My proposal is that any non-conformance to the spec should always at least generate a warning, so that the user is aware that his/her code is not 100% Modelica compliant. I would suggest that these warnings cannot be turned off, so there is an incentive to remove the non-conformances from the code base in the medium term.
We then need to decide which of these non-conformances should actually generate errors and abort the translation. IMO, this should always be the case for those situations where the semantics is unclear or inconsistent, and where we might need to "reverse engineer Dymola" in order to understand how to implement them. Examples: writing a = b where a is an enumeration and b an integer, putting integers in equations involving reals without the appropriate conversion functions, changing final modifiers, multiple inheritance from not exactly equal classes, missing within clause in class declarations, wrong package.order files, etc.

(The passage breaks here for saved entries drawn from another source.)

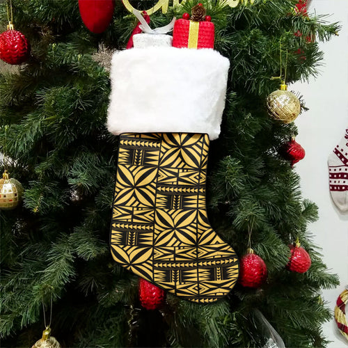 Samoa Christmas Stocking Design Stretch Print Fabric Gold
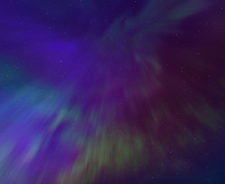 The girls and I were camped at our favorite ‘secret’ lake last week and on the last night, I made a plan to photograph the Milky Way. I went to bed at 10 with the alarm set for 2 am when the Milky Way would be stretched above the horizon. Of course, when I was awakened at 2, my body only reluctantly went outside to make sure I had the plan correct. Well, being offline for several days, I did not get the message that instead of the Milky Way, I was going to see the biggest Aurora Borealis of my life. At first I was puzzled because it was so light out and I could not see the stars but then my mind began to wake up and focus and I could see the waves of light filling the night sky, even as I looked to the south! I had no view to the north because the forest was right behind me. The waves of light seemed to come from directly above me, like a revolving kaleidoscope! And then some major waves came from the north east. I can only imagine what the view would have been beyond the trees.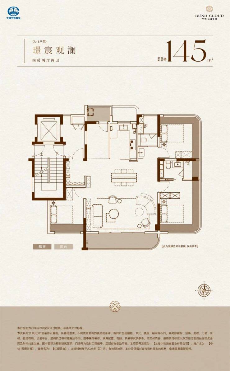建面约145㎡4房户型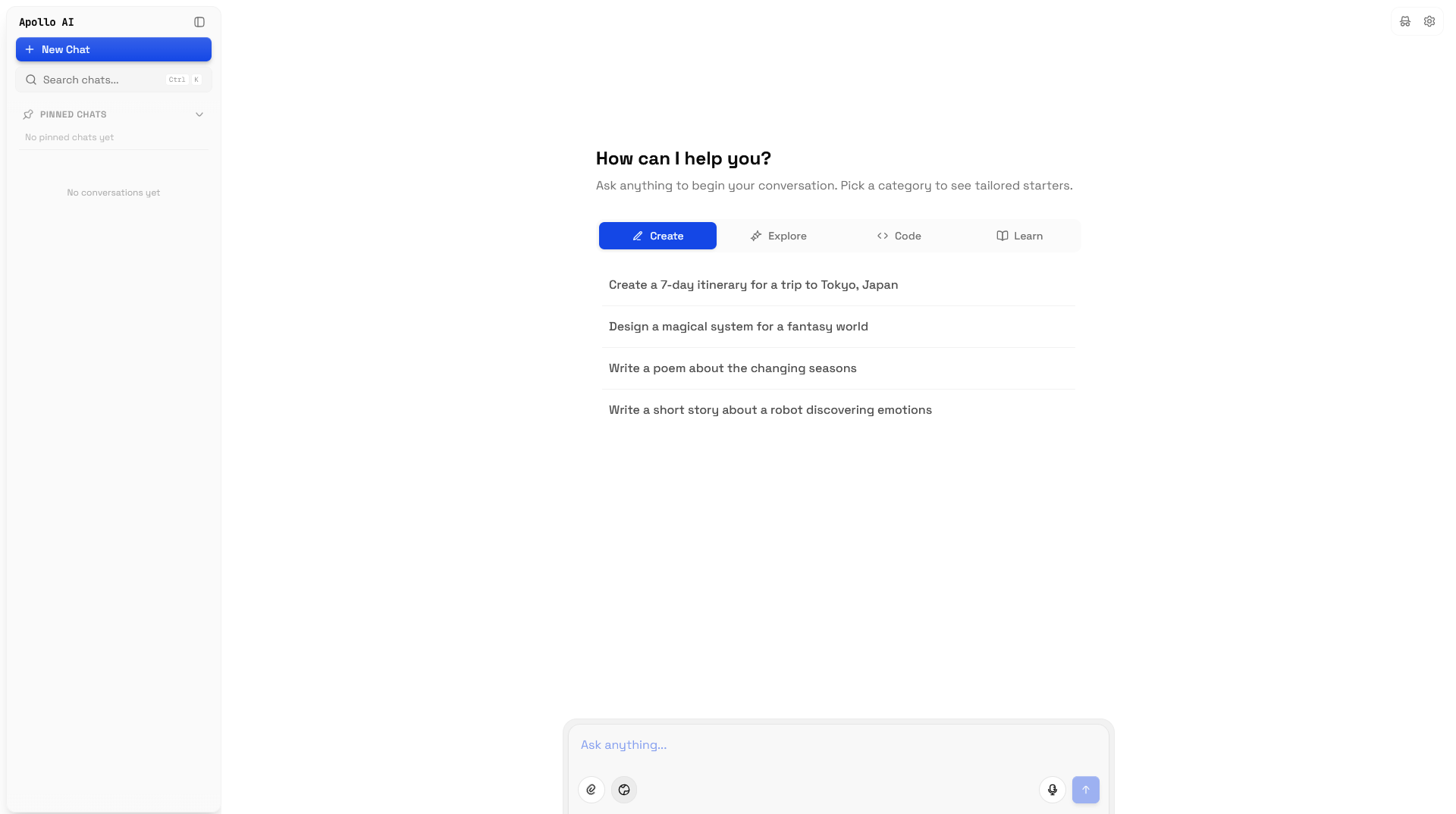 - Empty State — Category tabs (Create, Explore, Code, Learn) with randomized prompt suggestions; clicking a card populates the input field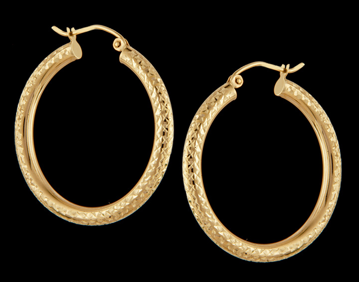 Diamond Cut Hoops in 14K Yellow Gold – Stock# 8473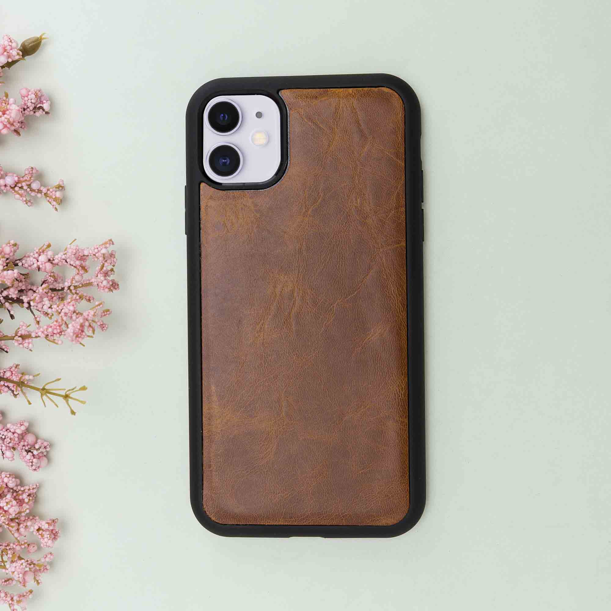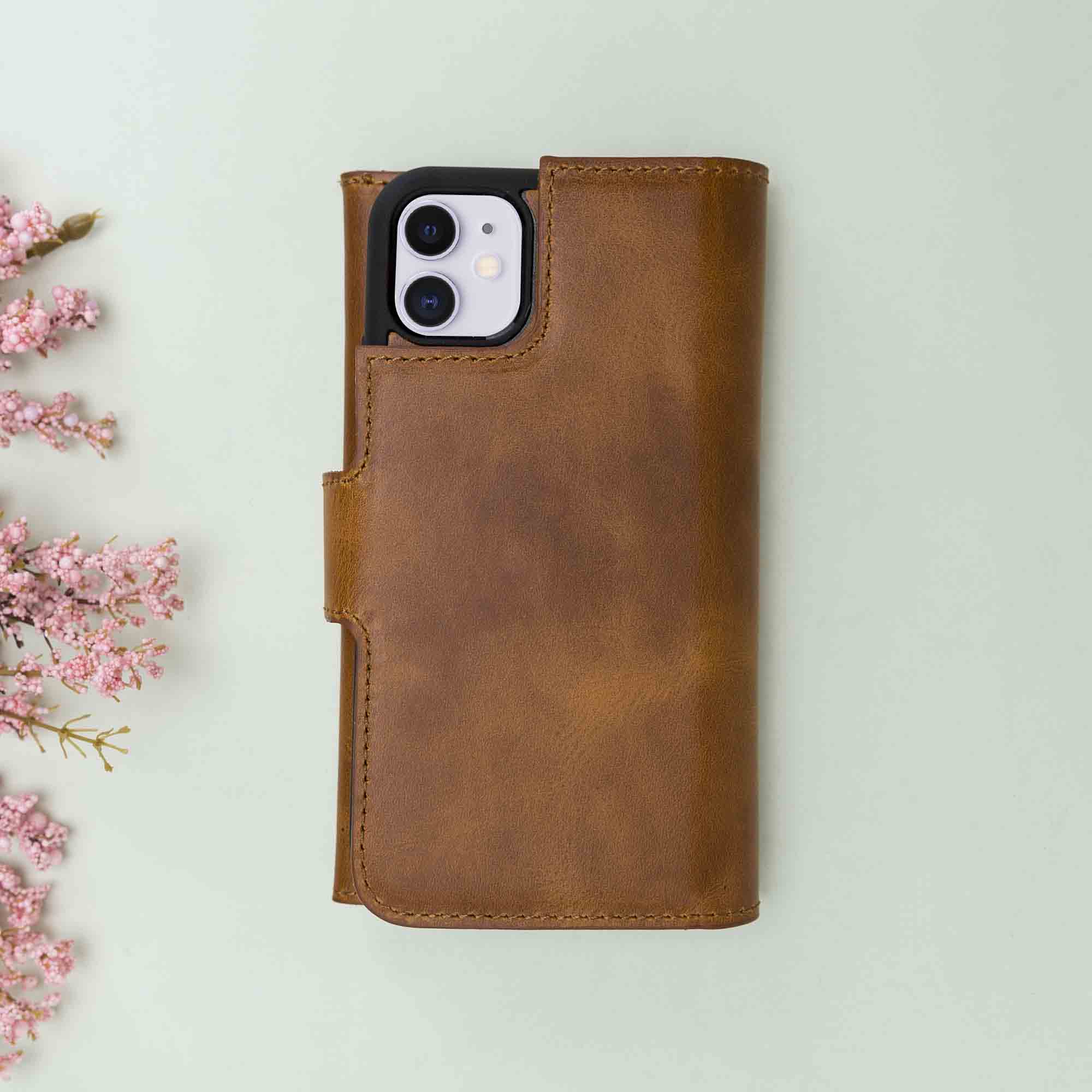 Apple iPhone 11 uyumlu, Hakiki Deri, El Yapımı, Cüzdanlı Kılıf, Taba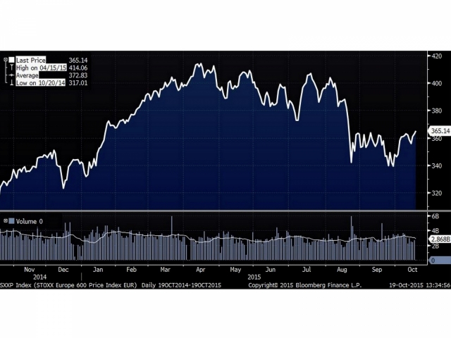 Stoxx Europe 600 Index е почти без промяна през изминалата седмица, като изтри загубите от първите три дни на сесията, завършила в петък 16 октомври. Показателят, който проследява компании в 18 страни от ЕС, възвърна загубите си от дъното в края на миналия месец, предизвикани от загрижеността в забавянето на китайската икономика и скандала с Volkswagen AG.

On the contrary, other non-conformances like non-standard annotations can be safely ignored, so they should only generate an error by default.
We might then add one flag (I would call it 'strict' or something, since it seems that 'pedantic' is already used with a different meaning) that instead generates an error in all these cases. This can be used for the development of libraries (e.g., the MSL), in order to get a correct automatic reporting of models which are 100% clean. However, this flag should be off by default, in order to avoid harassing end-users.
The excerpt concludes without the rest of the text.